[Qemu-devel] [PULL 24/48] target/arm: Convert VFP VMLA to decodetree

qemu-devel.nongnu.org archive mirror
 help / color / mirror / Atom feed

From: Peter Maydell <peter.maydell@linaro.org>
To: qemu-devel@nongnu.org
Subject: [Qemu-devel] [PULL 24/48] target/arm: Convert VFP VMLA to decodetree
Date: Thu, 13 Jun 2019 13:14:09 +0100	[thread overview]
Message-ID: <20190613121433.5246-25-peter.maydell@linaro.org> (raw)
In-Reply-To: <20190613121433.5246-1-peter.maydell@linaro.org>

Convert the VFP VMLA instruction to decodetree.

This is the first of the VFP 3-operand data processing instructions,
so we include in this patch the code which loops over the elements
for an old-style VFP vector operation. The existing code to do this
looping uses the deprecated cpu_F0s/F0d/F1s/F1d TCG globals; since
we are going to be converting instructions one at a time anyway
we can take the opportunity to make the new loop use TCG temporaries,
which means we can do that conversion one operation at a time
rather than needing to do it all in one go.

We include an UNDEF check which was missing in the old code:
short-vector operations (with stride or length non-zero) were
deprecated in v7A and must UNDEF in v8A, so if the MVFR0 FPShVec
field does not indicate that support for short vectors is present
we UNDEF the operations that would use them. (This is a change
of behaviour for Cortex-A7, Cortex-A15 and the v8 CPUs, which
previously were all incorrectly allowing short-vector operations.)

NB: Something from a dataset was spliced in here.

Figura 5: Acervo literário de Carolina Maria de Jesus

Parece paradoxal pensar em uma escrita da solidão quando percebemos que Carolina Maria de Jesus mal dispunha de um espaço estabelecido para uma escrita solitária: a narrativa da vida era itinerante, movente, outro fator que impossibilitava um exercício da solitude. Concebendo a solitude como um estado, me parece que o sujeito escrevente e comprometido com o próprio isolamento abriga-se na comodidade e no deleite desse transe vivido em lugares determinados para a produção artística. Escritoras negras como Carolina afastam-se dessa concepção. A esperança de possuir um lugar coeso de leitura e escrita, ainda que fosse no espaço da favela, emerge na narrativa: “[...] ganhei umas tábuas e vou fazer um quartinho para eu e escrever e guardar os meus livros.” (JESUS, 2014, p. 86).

Note that the conversion fixes a bug in the old code for the
case of VFP short-vector "mixed scalar/vector operations". These
happen where the destination register is in a vector bank but
but the second operand is in a scalar bank. For example
  vmla.f64 d10, d1, d16   with length 2 stride 2
is equivalent to the pair of scalar operations
  vmla.f64 d10, d1, d16
  vmla.f64 d8, d3, d16
where the destination and first input register cycle through
their vector but the second input is scalar (d16). In the
old decoder the gen_vfp_F1_mul() operation uses cpu_F1{s,d}
as a temporary output for the multiply, which trashes the
second input operand. For the fully-scalar case (where we
never do a second iteration) and the fully-vector case
(where the loop loads the new second input operand) this
doesn't matter, but for the mixed scalar/vector case we
will end up using the wrong value for later loop iterations.
In the new code we use TCG temporaries and so avoid the bug.
This bug is present for all the multiply-accumulate insns
that operate on short vectors: VMLA, VMLS, VNMLA, VNMLS.

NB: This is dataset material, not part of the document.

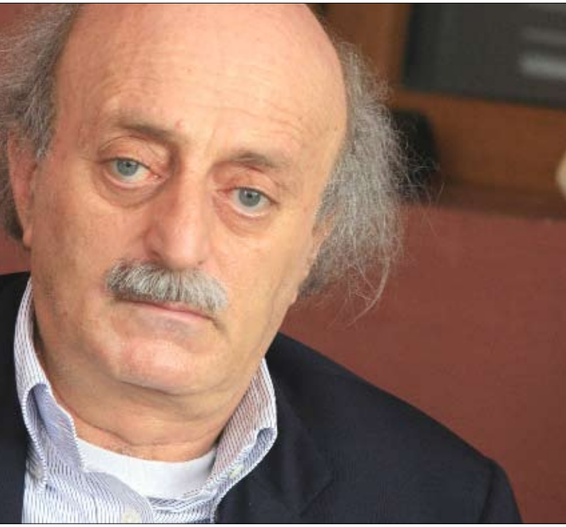
يقطع سيد المختارة الوقت بينما تنجز الرياض جهدها لمعالجة الأزمة

يكاد لا يمرّ يوم إلا يصدر موقف يعلّق الآمال على جهود السعودية وسوريا اللتين تملكان، في الغالب، سرّ الحلّ لتجنّب النزاع الداخلي الوصول إلى المواجهة. لكن التسليم اللبناني لا يلقى، في الظاهر على الأقل، حماسة مماثلة في دمشق والرياض، إذ تؤثّران الصمت

Note 2: the expression used to calculate the next register
number in the vector bank is not in fact correct; we leave
this behaviour unchanged from the old decoder and will
fix this bug later in the series.

Signed-off-by: Peter Maydell <peter.maydell@linaro.org>
Reviewed-by: Richard Henderson <richard.henderson@linaro.org>
---
 target/arm/cpu.h               |   5 +
 target/arm/translate-vfp.inc.c | 205 +++++++++++++++++++++++++++++++++
 target/arm/translate.c         |  14 ++-
 target/arm/vfp.decode          |   6 +
 4 files changed, 224 insertions(+), 6 deletions(-)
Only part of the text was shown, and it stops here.